> _Try it_
Output nothing but the lines from the first line of the listing below through the line containing "Rechteckige Dose mit", printed exactly and free of pictures.

> _Entries shown_

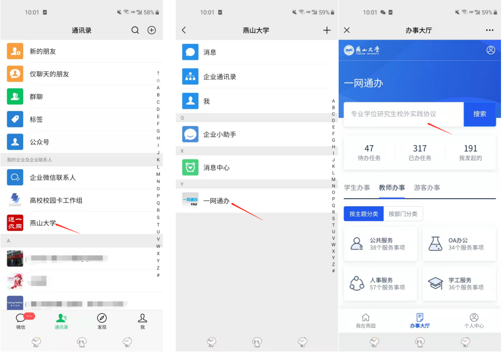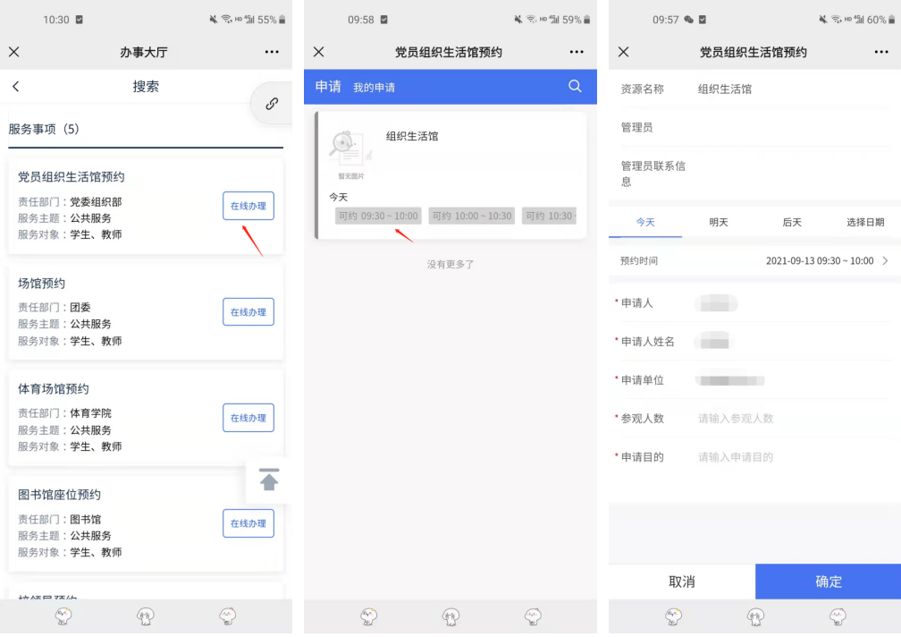 已经关注燕山大学微信企业号师生(未关注的详见通知http://notice.ysu.edu.cn/info/2073/9049.htm进行操作),在“通讯录”——“我的企业及企业联系人”点击“燕山大学”,进入企业号。点击“一网通办”,进入服务,在搜索中输入“党员组织生活馆预约”,点击“党员组织生活馆预约”对应的“在线办理”进入服务,选择预约日期和预约时段登记预约相关信息点击确定按钮。
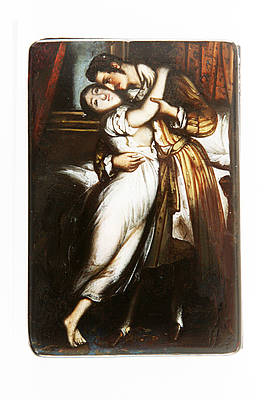 Rechteckige Dose mit jungem, sich umarmendem Paar im Schlafgemach. "Die erste Nacht nach der Hochzeit".
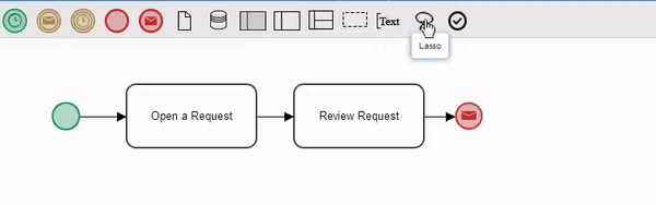 Lasso: Allows the selection of multiple elements in the design to move them as a block using the cursor keys. Note that this control does not work with elements that are inside a pool or lane.
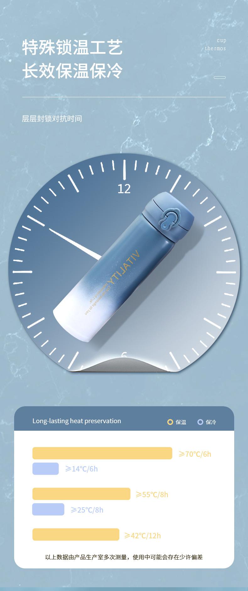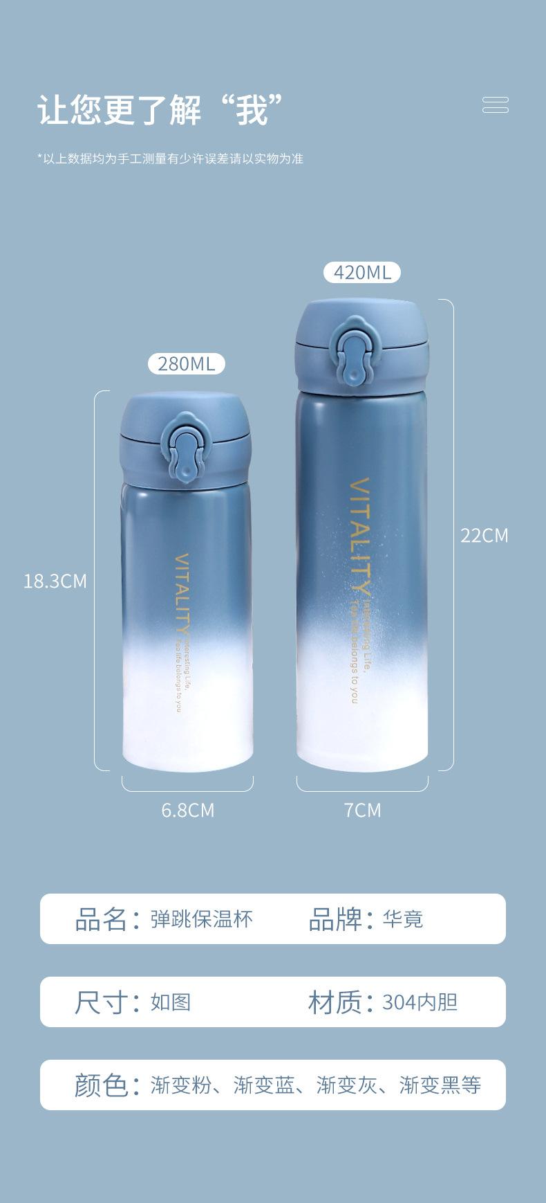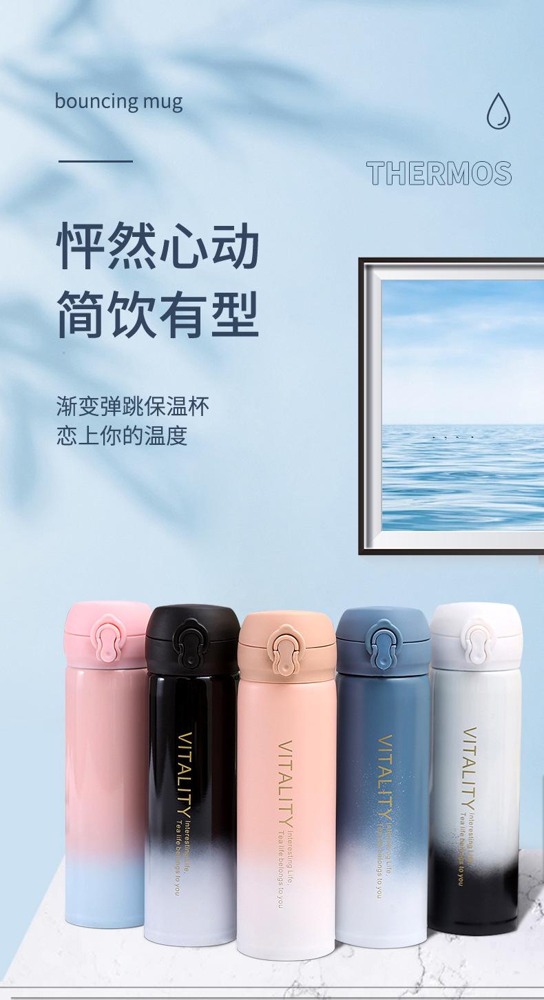 Termo de acero inoxidable 304 personalizado, creativo, para estudiantes, portátil, para coche, con gradiente de rebote
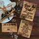 Negrito, masculino, e certamente único, este belo design de queima de nogueira com texto vintage funciona particularmente bem para casamentos rústicos e queda e casamentos no inverno.
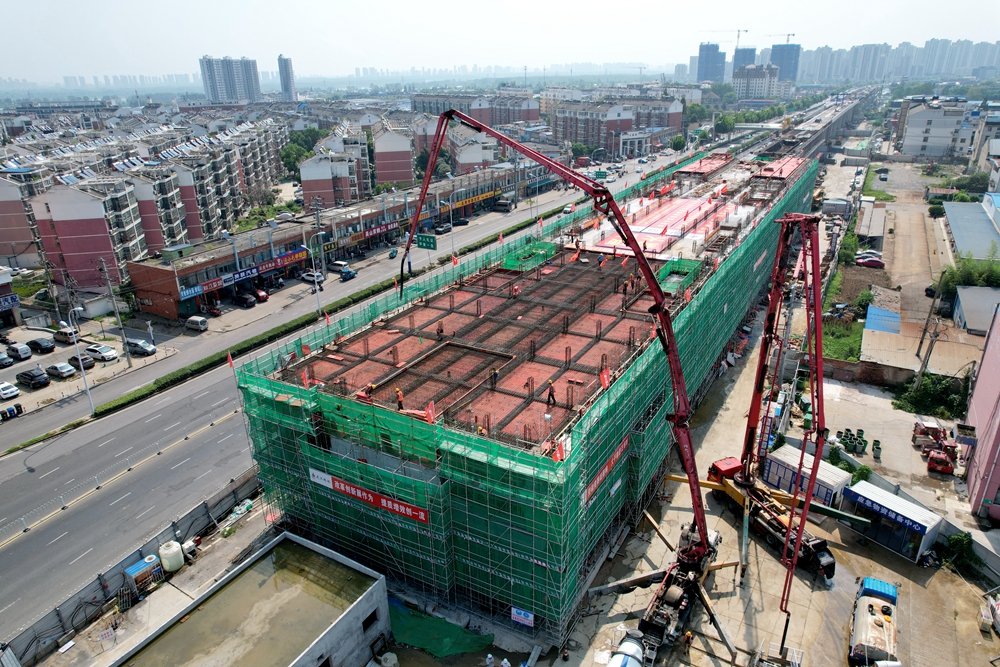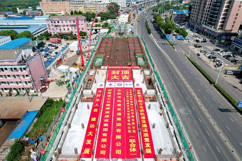 8月23日,隨著站臺層最后一段頂板混凝土澆筑完成,合肥新橋機(jī)場S1線崗集站主體結(jié)構(gòu)順利封頂,標(biāo)志著車站主體結(jié)構(gòu)完工,站點建設(shè)邁入附屬結(jié)構(gòu)施工新階段。
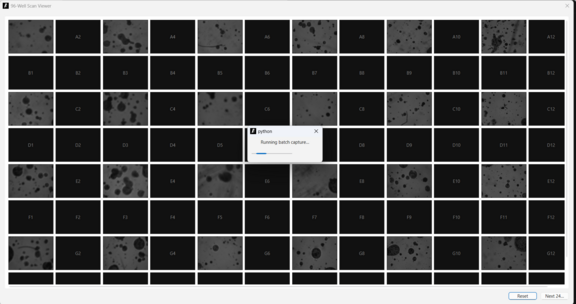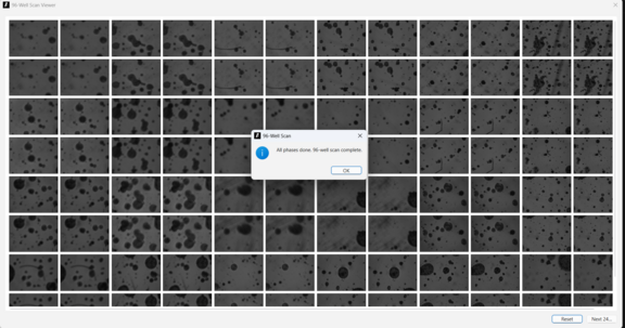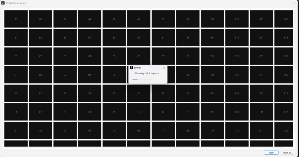 Alle 96 Wells wurden erfasst – bereit für Stitching und Analyse.
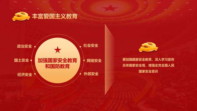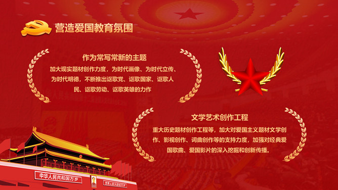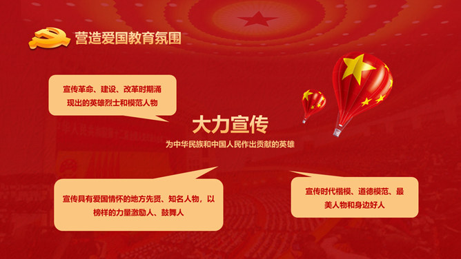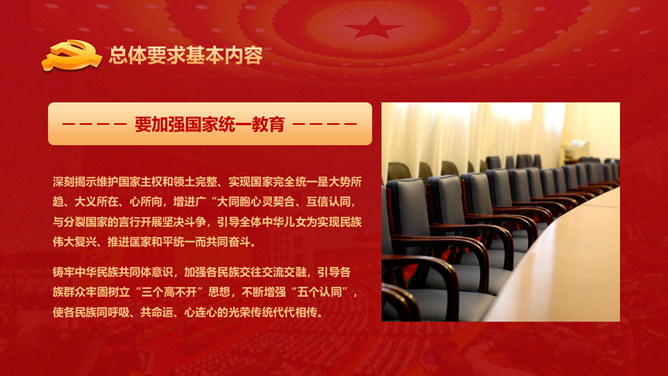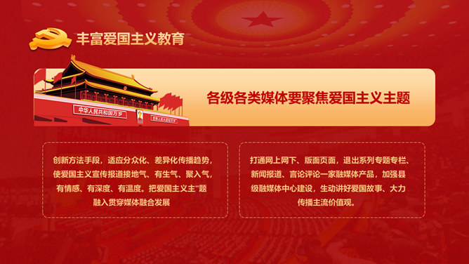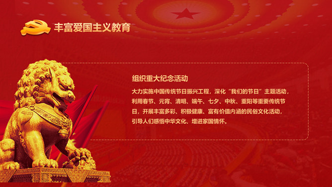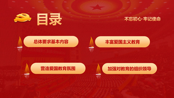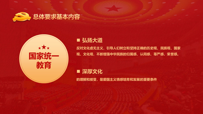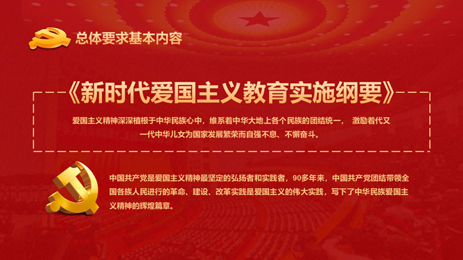爱国主义教育课件PPT模板。包含整体要求基本内容、丰厚爱国主义教育、营造气氛、加强对教育的组织领导等内容。
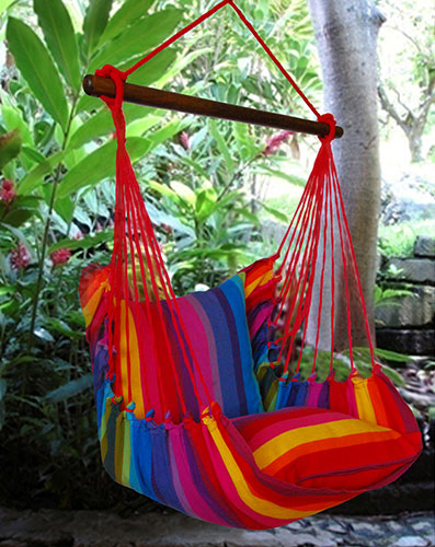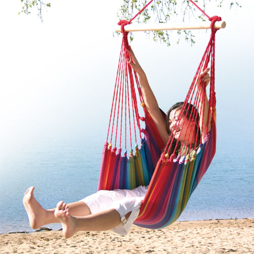 Sitzfläche: 100% Baumwolle, Stab: Holz (Pinus Insignus / Pinus sureño americano), belastbar bis 120 kg
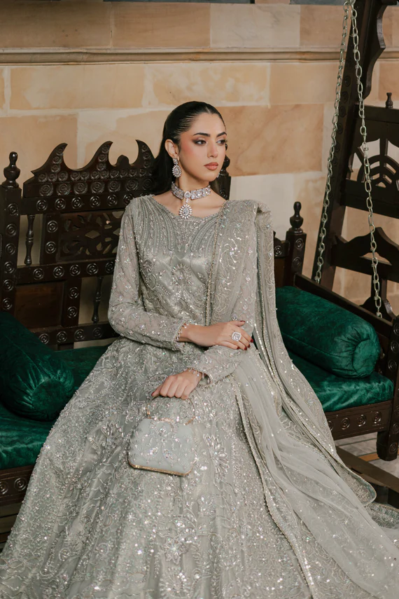 Talk about a princess dress! This silver-grey maxi frock is the epitome of grandeur and luxury, with its unique neckline & full sleeves, the frock is heavily adorned with hand embellishments comprising of stone work, pearls, crystal work & heavy sitari details along with thread embroidery and sequin work. The composed bodice is adorned with embellishments and abstract self-texture play. The sleeves are adorned with Islamic motifs inspired jaal with mini motifs ending with crystal hangings. The back of the bodice is also adorned with embellishment details. The frock itself is the blend of the mixture of textures, jaal embroidery work & heavy pearl embellishments with sitari work, finished with embroidered border & minimal lace. The dupatta is decorated with 4-sided embroidered border, textured floral motifs & sitari spread. Outfit comes with a matching hand embellished clutch & straight pants.
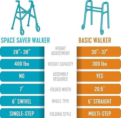 • The Wonder Walker is the world's most compact folding walker; the patented EZ Fold-N-Go technology allows it to fold 4 times smaller than the average walker into a 5 x 7 inch footprint to help save space while on the go
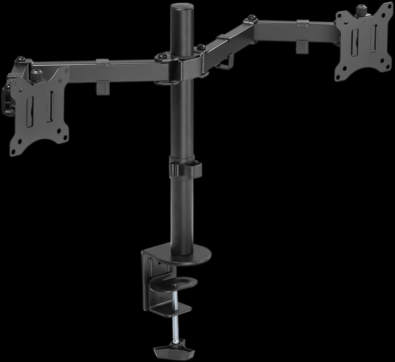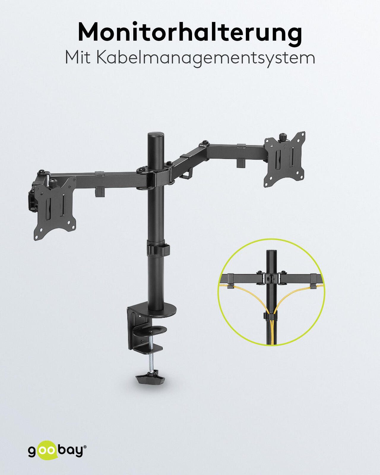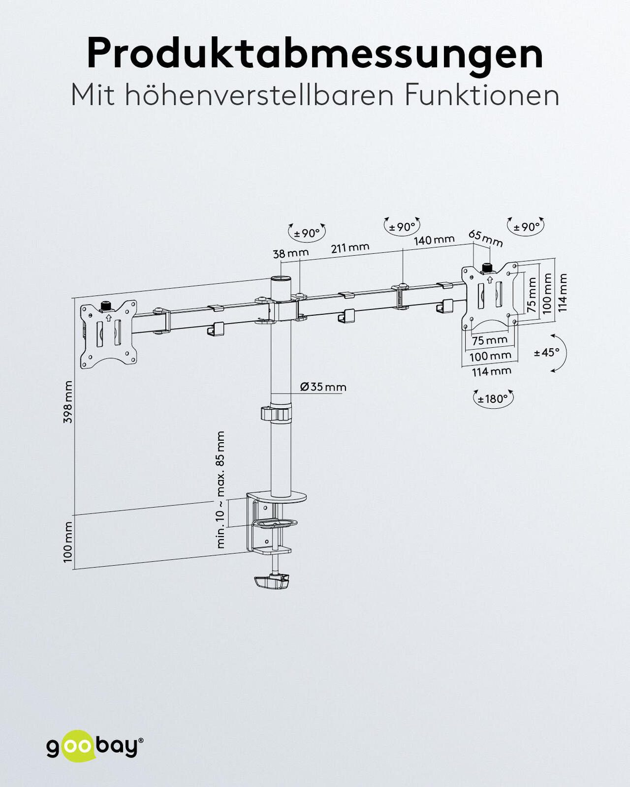 Die goobay Monitor-Halterung Dual Flex in elegantem Schwarz ist die ideale Lösung für alle, die ihre Arbeitsumgebung optimieren möchten. Hergestellt aus robustem Stahl bietet diese Halterung nicht nur Stabilität, sondern auch eine lange Lebensdauer. Mit einer VESA-Platte von 1,5 mm Stärke ist sie besonders widerstandsfähig und sorgt dafür, dass Ihre Monitore sicher und fest an ihrem Platz bleiben. Diese Halterung ist speziell für die Verwendung von zwei Monitoren konzipiert, was Ihnen ermöglicht, Ihre Produktivität erheblich zu steigern. Egal, ob Sie im Homeoffice arbeiten, kreative Projekte umsetzen oder einfach nur mehr Bildschirmfläche für Multitasking benötigen, die Dual Flex Halterung wird Ihren Anforderungen gerecht. Durch die Tischklemme lässt sich die Halterung einfach und schnell an jedem Tisch oder Schreibtisch montieren, ohne dabei die Oberfläche zu beschädigen. Die schwarze Farbgebung der Halterung fügt sich harmonisch in jede Büroeinrichtung ein und sorgt für einen modernen Look. Darüber hinaus ermöglicht die flexible Konstruktion eine individuelle Anpassung der Monitore, sodass Sie stets die optimale Sicht auf Ihre Inhalte haben. Durch die Möglichkeit, die Monitore in der Höhe und im Winkel zu verstellen, können Sie eine ergonomische Arbeitsposition einnehmen, die Nacken- und Rückenschmerzen vorbeugt. Die goobay Monitor-Halterung Dual Flex ist nicht nur funktional, sondern auch eine stilvolle Ergänzung für Ihr Büro oder Ihren Arbeitsplatz. Mit dieser Halterung profitieren Sie von einer verbesserten Arbeitsorganisation und einem aufgeräumten Schreibtisch, da Kabel und Monitore effizient verwaltet werden können. Verleihen Sie Ihrem Arbeitsbereich mit dieser praktischen und eleganten Lösung den letzten Schliff.Technische Daten
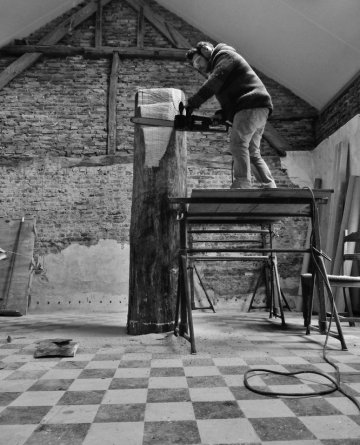 t all starts with a large tree stump that the artist slowly dismantles with a chainsaw.
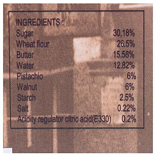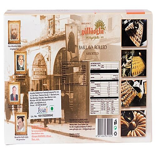 About @import url("https://www.desercart.com/static/froala_style_v2.min.css"); The traditional and the very famous sweetness from the era of the Ottoman empire, baklava, has made a lasting impression in the hearts and souls of all dessert lovers across the globe. Turkish baklava is a thin and crispy layer of filo pastry piled on top of each other, ladened with butter and a special syrup to give it that crispy rich texture and stuffed with a wholesome stuffing of the finest pistachio, walnuts, hazelnuts etc. from the land of Turkey. Enjoy Gulluoglu Vaha Rolled Assorted Baklava to tame your sweet tooth. Ingredients @import url("https://www.desercart.com/static/froala_style_v2.min.css"); 100% Veg, Wheat Flour, Butter, Sugar Syrup, Walnuts How to Use @import url("https://www.desercart.com/static/froala_style_v2.min.css"); The rich and the luxurious desert of the Ottoman is imported all the way just to satiate your sugar cravings.
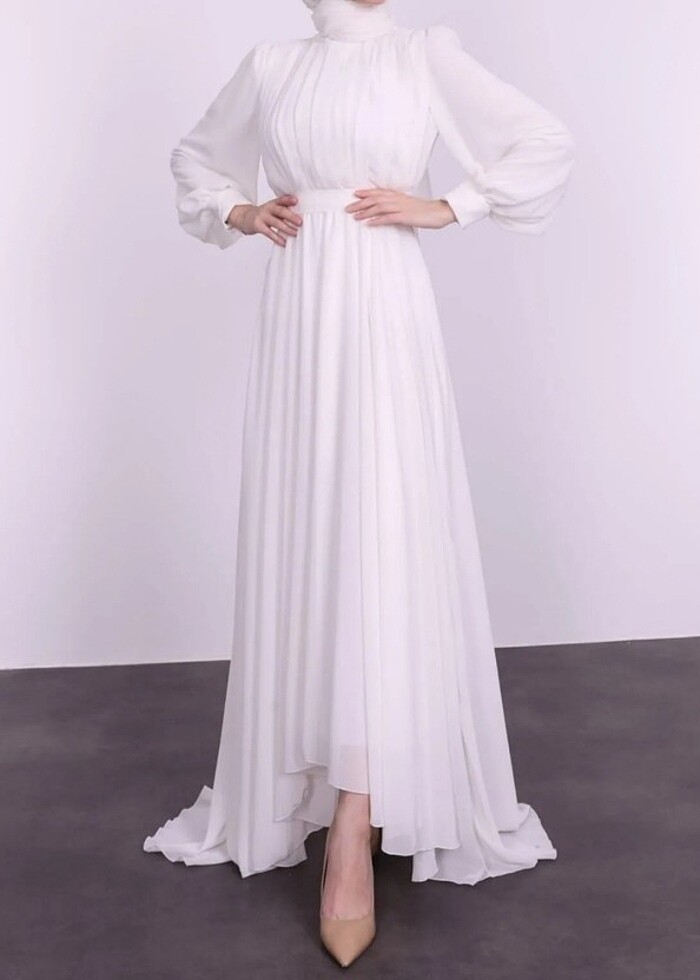 sadece birkere nikahimda kullandm balon kol sırtından fermuarlı düz beyaz kuşaklı tül elbise tiril tirildir iç astarı pamuklu ve çok rahat bir kullanımı vardır. kuyruklu ve şık zarif bir görünüme sahip. ben topuklu giymediğim için kuyruk detayı resimde belli olmuyor
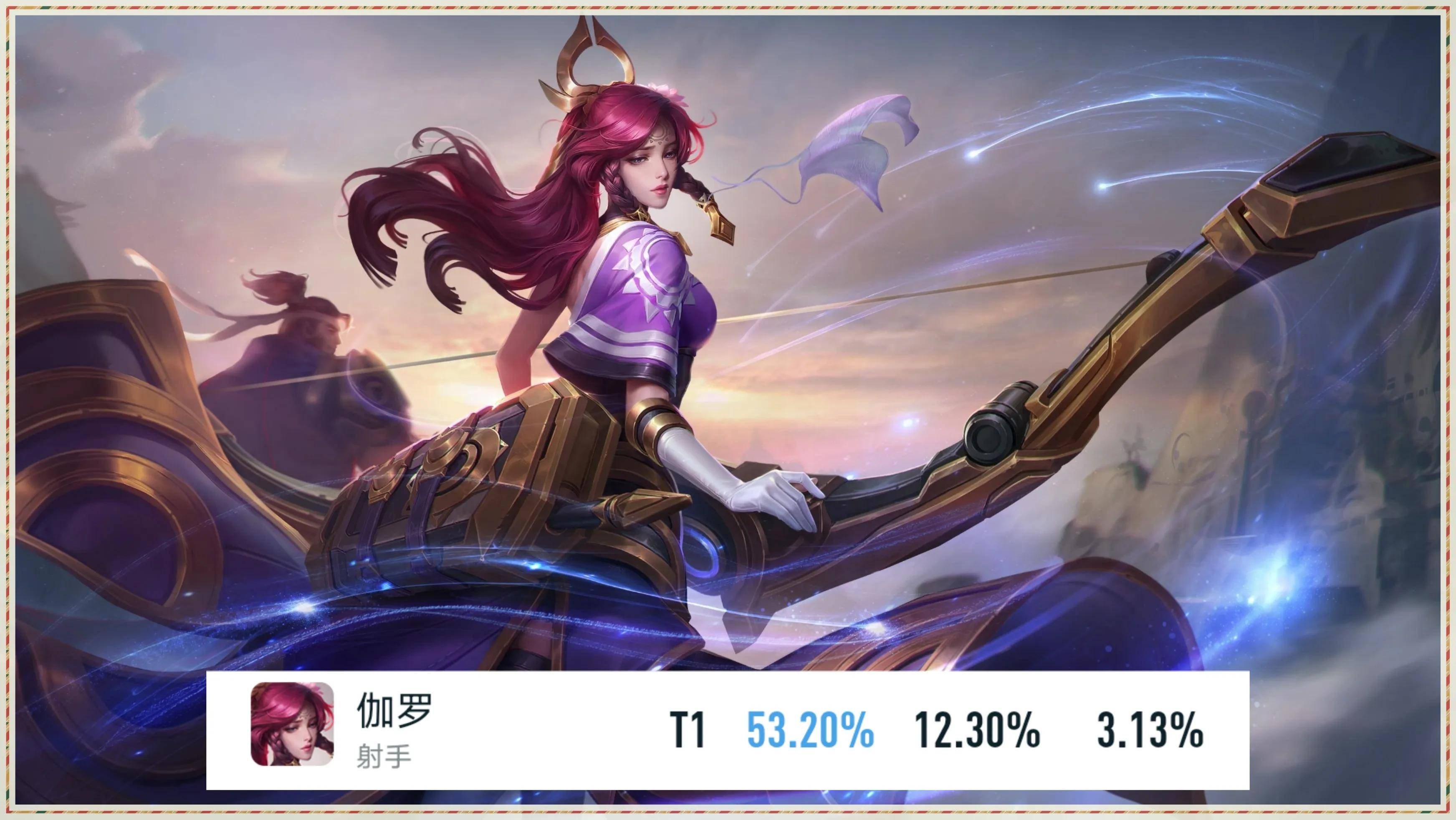 发育路胜率最高的是伽罗,胜率是53.20%,仅比黄忠高了1.8%。

> _Task result_
 已经关注燕山大学微信企业号师生(未关注的详见通知http://notice.ysu.edu.cn/info/2073/9049.htm进行操作),在“通讯录”——“我的企业及企业联系人”点击“燕山大学”,进入企业号。点击“一网通办”,进入服务,在搜索中输入“党员组织生活馆预约”,点击“党员组织生活馆预约”对应的“在线办理”进入服务,选择预约日期和预约时段登记预约相关信息点击确定按钮。
 Rechteckige Dose mit jungem, sich umarmendem Paar im Schlafgemach. "Die erste Nacht nach der Hochzeit".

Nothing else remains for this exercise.